About Us

Contact Us

If you need directions to a layout, please call the number listed for the layout.

For all other questions send email to info@tourdechooch.org

Our History

It was 1994 when the idea of Tour de Chooch was conceived in a hobby shop in Groveland, Massachusetts called Bay State Models. Win Nowell, owner of Bay State Models and I were discussing how customers would come into the shop, purchase all kinds of model railroad “stuff” and leave with no hint of where all this material was going or how it was being used. The next logical step was to have an informal open house/layout tour on a convenient Saturday so customers could show off what they building. The open house would be centered on Bay State Models so travel distance wouldn’t be excessive and, besides, every one that came to the shop knew one another. It would be low key and fun.

This conversation went on for a couple of weeks at the shop until one Saturday afternoon Bill Borelli came in to hang with the guys at the shop. Upon hearing of the idea Bill, without skipping a single heart beat, blurted out “we’ll call it Tour de Chooch!” In addition to being a model railroader Bill also had an active interest in motor sports.
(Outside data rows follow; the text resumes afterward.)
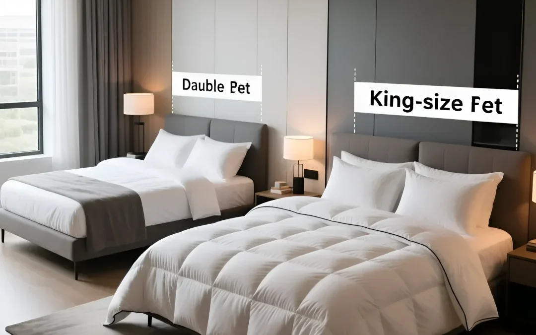Иллюстрация демонстрирует разницу в размере одеял для двуспальной и королевской кровати, подчеркивая важность правильного выбора.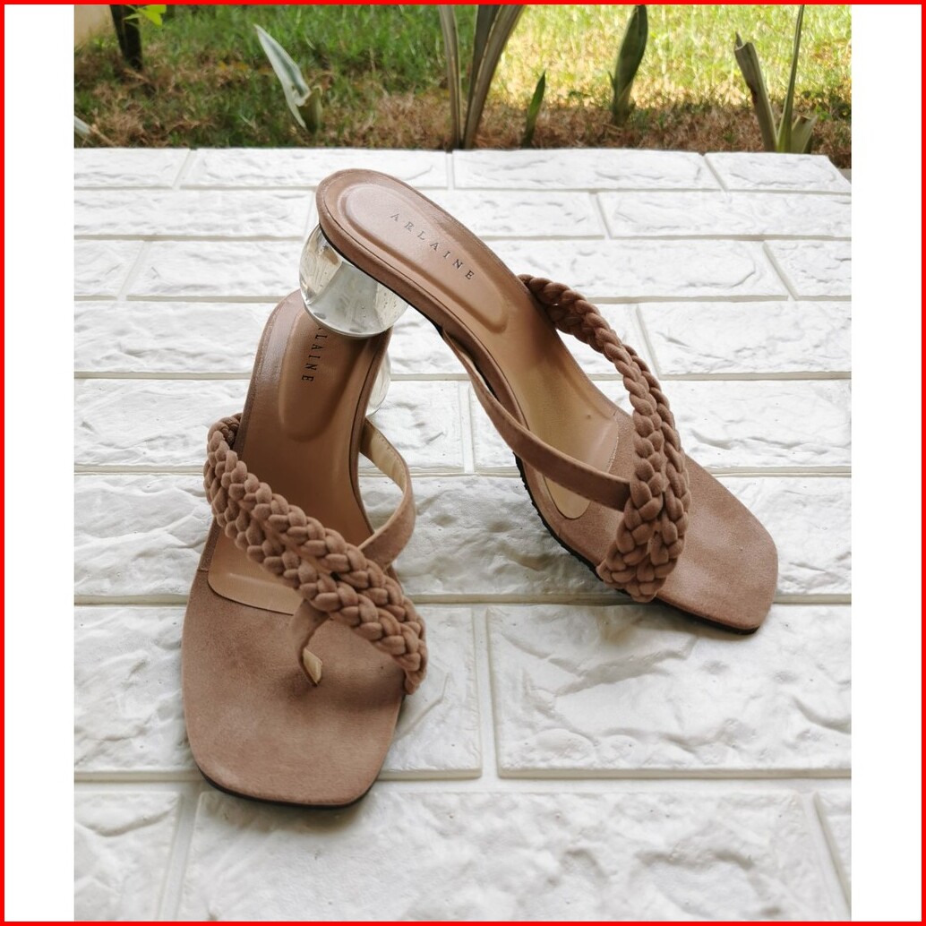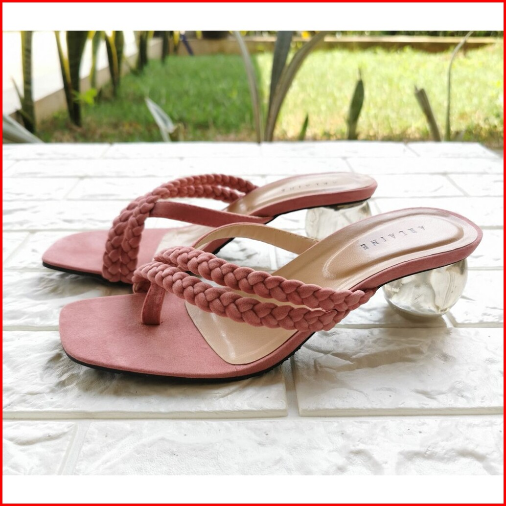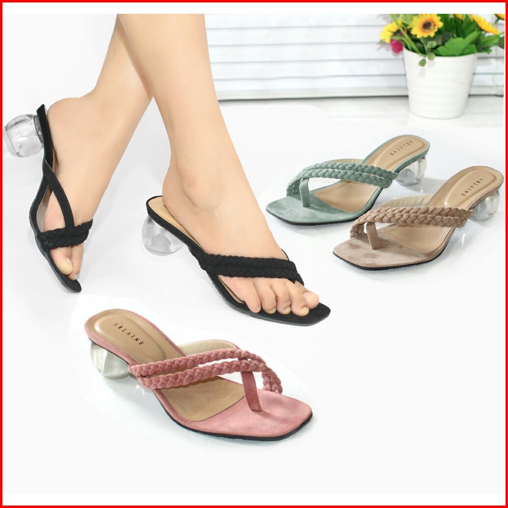 Arlaine-monica Sandal Heels Hak Kaca Bulat Beludru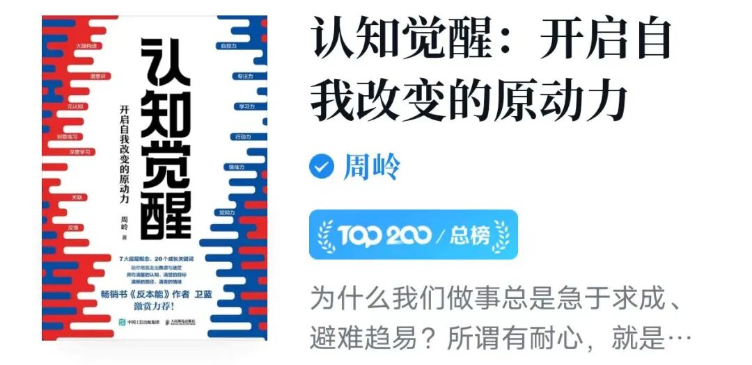 如果说,《认知觉醒》给我一种醍醐灌顶的感觉,这本书就像一位长者在我耳边轻声细语,既没有说教也没有苦口婆心,而是用实际行动告诉我,怎么做事,怎么持续做事,怎么几十年如一日的持续做事。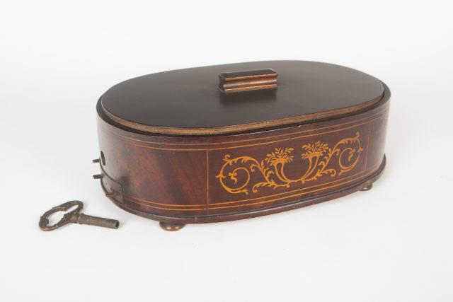 Caixa de música em madeira de formato ovalado com incrustrações nas laterais com cornuscópias com motivos florais e com volutas. Possui uma tampa e quatro pés. Funciona com o uso da chave. Pertenceu a família Born de Berlim, Alemanha.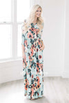Our super soft floral dresses just got a make over! Now coming in floor length, this maxi dress is as pretty and comfortable as they come! Pretty mint maxi dress features a watercolor floral print, elastic waist, 3/4 length sleeves and your favorite: front pockets!

Now we had an idea, a name and a lot of “let’s do it” enthusiasm. Bill took on the creation of artwork for fliers and I started building a flyer distribution display for the shop. Bill’s idea for the flyers was to print a single flyer for each host’s layout with a brief description of the layout, driving directions and an assigned number. The idea was that a visitor would look over the layout description in the flyer, choose the one or two layouts that he would like to see and off he went. There were eight layouts signed on for that first year.

Right here is where the first lesson on open houses was learned. Hobbyists don’t choose which one they want to see. They have to see them all! If there are eight layouts all of them must be visited. If there are eighteen layouts then all of them must be visited also. It was 1999 that the Tour was expanded to two days with ten layouts. That slowed the traffic down so there was more time to visit. Each year after 1999 the Tour continued to grow even though the tour had layouts that were one hundred miles apart in two states. In 2009 there were twenty-seven layouts on the Tour.

The second lesson learned was now that the Tour was established modelers would pick out the “new layout” on the Tour and head there first. That put up to two hundred visitors at the new host’s layout! It was now time to institute crowd control!

In 2011 after seventeen years of organizing the Tour the reigns were passed to Keith Shoneman. Today Rand Hoven puts together the Tour with help from Ken Rice, Stan Ames, Fred Hessler and others who work to bring yet another year of great hobby experiences together.

Let the Tour continue for many years to come and bring camaraderie, sharing and fun to generations of model railroaders.

Bruce Robinson

The tour consists of model railroad open houses across Massachusetts and New Hampshire. It is like a train show that only displays model railroads.